EXCERPTED RECORDS =
· · · · ·

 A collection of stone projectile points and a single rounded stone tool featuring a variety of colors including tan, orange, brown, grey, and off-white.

· · · · ·

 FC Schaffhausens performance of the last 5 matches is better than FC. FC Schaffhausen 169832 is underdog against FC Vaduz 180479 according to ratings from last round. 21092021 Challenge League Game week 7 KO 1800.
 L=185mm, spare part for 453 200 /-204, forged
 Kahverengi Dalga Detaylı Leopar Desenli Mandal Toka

· · · · ·

WHAT TO PRODUCE = Would you copy out exactly the lines above that start at the one containing "FC Schaffhausens performance" and end at the one containing "Kahverengi Dalga Detaylı", inclusive?

ANSWER AREA =
 FC Schaffhausens performance of the last 5 matches is better than FC. FC Schaffhausen 169832 is underdog against FC Vaduz 180479 according to ratings from last round. 21092021 Challenge League Game week 7 KO 1800.
 L=185mm, spare part for 453 200 /-204, forged
 Kahverengi Dalga Detaylı Leopar Desenli Mandal Toka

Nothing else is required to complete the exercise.